Juan de Dios, 77, and Estela, 65, were about to enter the store to buy groceries, just like any normal day, when shots rang out, according to their niece Norma Ramos.

He threw himself in front of his wife.

"He was arriving at the store when he was shot at close range and the bullet passed through him and hit my aunt Estela," Ramos said in a phone interview from Ciudad Juarez, where she lives.

"Because he protected her, he took shots in his back," said Ramos, who said she had heard the account of the shooting from other family members who were able to speak with the couple.

Juan de Dios has already had several surgeries at the Del Sol Medical Center in El Paso but still may need more because the bullet punctured his organs, Ramos said.

Estela, who was hit in the stomach, was also operated on and is now stable.

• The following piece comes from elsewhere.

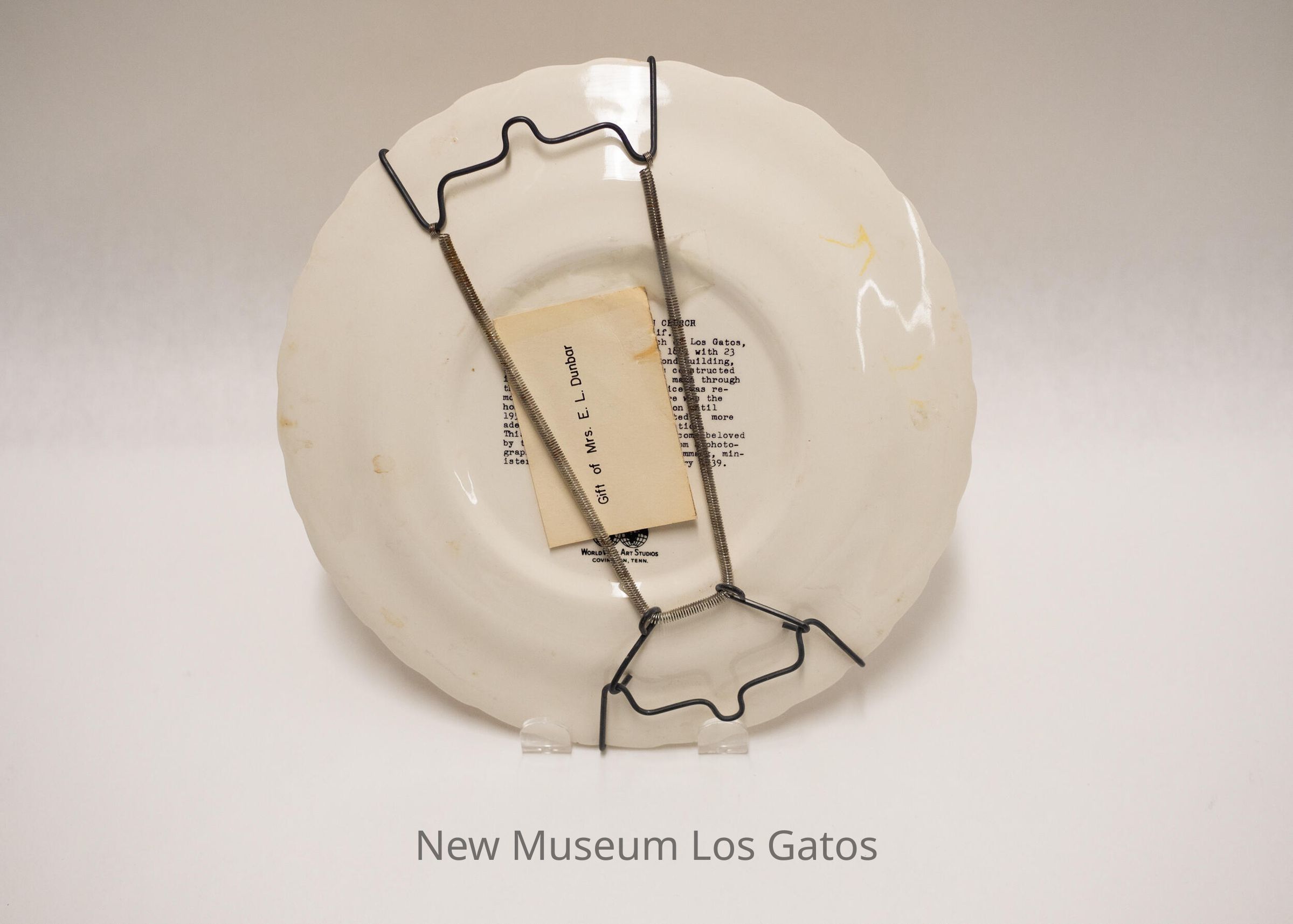 FIRST PRESBYTERIAN CHURCH / Los Gatos, Calif. / The First Presbyterian Church of Los Gatos, California, was organized in 1881 with 23 members. Pictured is its second building, the main portion of which was constructed in 1888. Three additions were made through the years and the entire edifice was remodeled in 1938. This structure was the home of the growing congregation until 1953 when its 731 members erected a more adequate building at a new location. This reproduction, which has become beloved by the congregation, is made from a photograph taken by Nottley Stever Hammack, minister of the church since February 1939.Language

The medical centre did not respond immediately to a request for comment.

Texas Governor Greg Abbott said Saturday's rampage - which killed 20 people, including seven Mexicans - appeared to be a hate crime.

Police have cited a manifesto they attributed to the suspect, 21-year-old Patrick Crusius, as evidence that the bloodshed was racially motivated.

El Paso is a heavily Latino city on the US -Mexico border.

The rampage has sparked outrage in Mexico, where officials are contemplating litigation alleging that the incident was terrorism against Mexicans living in the United States. That could open the door to an eventual extradition request for the gunman.